Exercise requirements
Show every line below where "Obeliskens" appears.

START The data

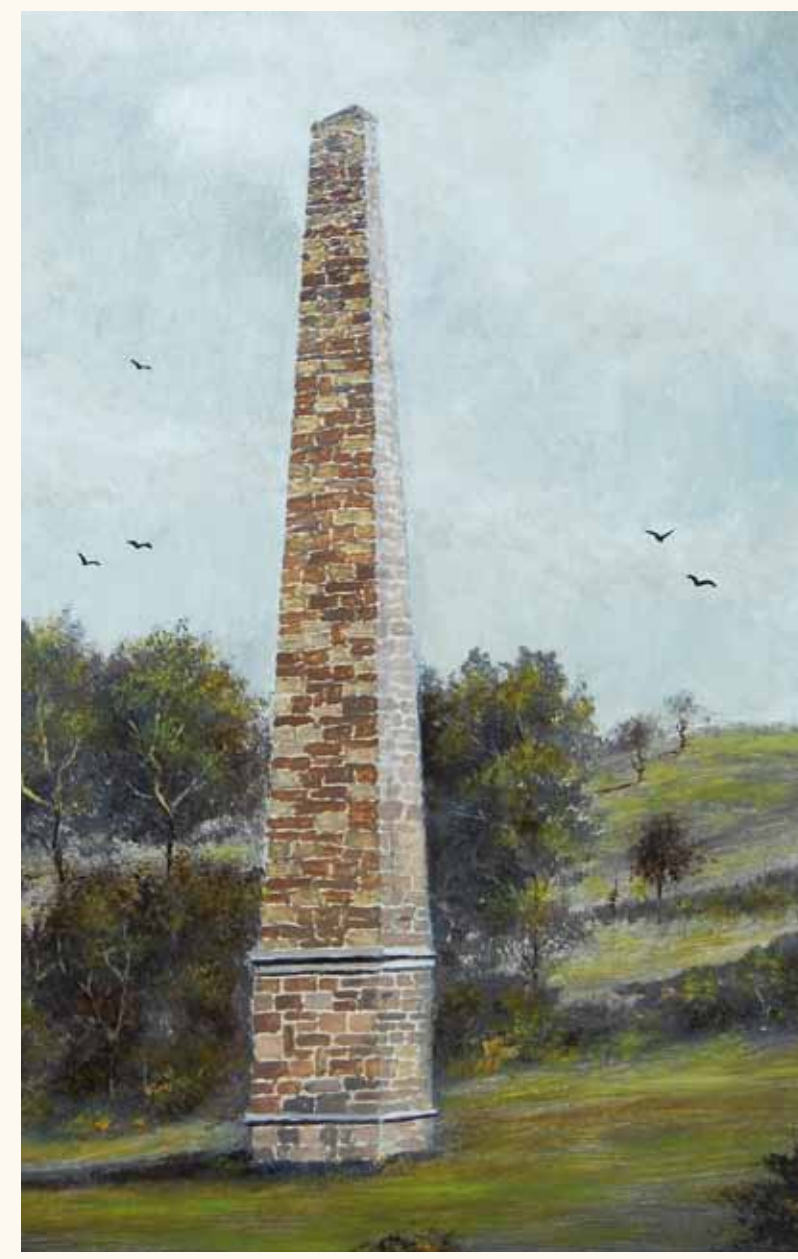
Ansicht des Obeliskens

Mein Vater, der Landgraf Emanuel, heiratete 1771 die 17-jährige Prinzessin Leopoldina von Liechtenstein, meine Mutter. Um ihr seine Liebe zu zeigen, ließ er 1790 diesen Obeliskens errichten, der nach der Herkunft meiner Mutter auch „der Liechtenstein“ genannt wurde. Gemeinsam mit mehreren Pavillons war er gleichzeitig ein Gestaltungselement des Landschaftsgartens, zu dem mein Vater einen großen Teil dieses Tals formte.
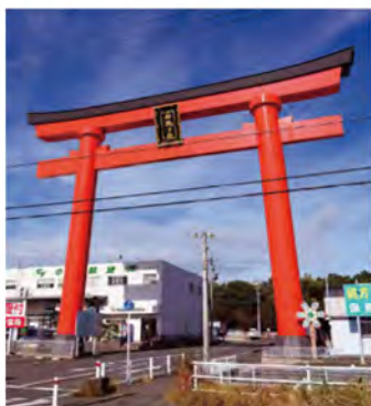
遠くからでも目を引く大鳥居。21.6mあり、愛知県で2番目の高さです。

— 明暦年間(1656年頃)に起源を持つ神社。文政13年(1830年)に「伏見稲荷社」から勧請した、宇賀之御魂神や宇迦之売神など五柱の御祭神を祀り、五穀豊穣や商売繁盛などにご利益があるといわれています。本殿のある小高い丘は、弥生時代中後期に造成された「五社稲荷古墳」。幸せを運ぶとされる「福だるま」おみくじだるま(500円)など、古くから伝わるお守りや縁起物もあります。1月1日～13日まで「元旦祭」が行われ、出店も並ぶ予定です。

END The data

Written solution
Ansicht des Obeliskens
Mein Vater, der Landgraf Emanuel, heiratete 1771 die 17-jährige Prinzessin Leopoldina von Liechtenstein, meine Mutter. Um ihr seine Liebe zu zeigen, ließ er 1790 diesen Obeliskens errichten, der nach der Herkunft meiner Mutter auch „der Liechtenstein“ genannt wurde. Gemeinsam mit mehreren Pavillons war er gleichzeitig ein Gestaltungselement des Landschaftsgartens, zu dem mein Vater einen großen Teil dieses Tals formte.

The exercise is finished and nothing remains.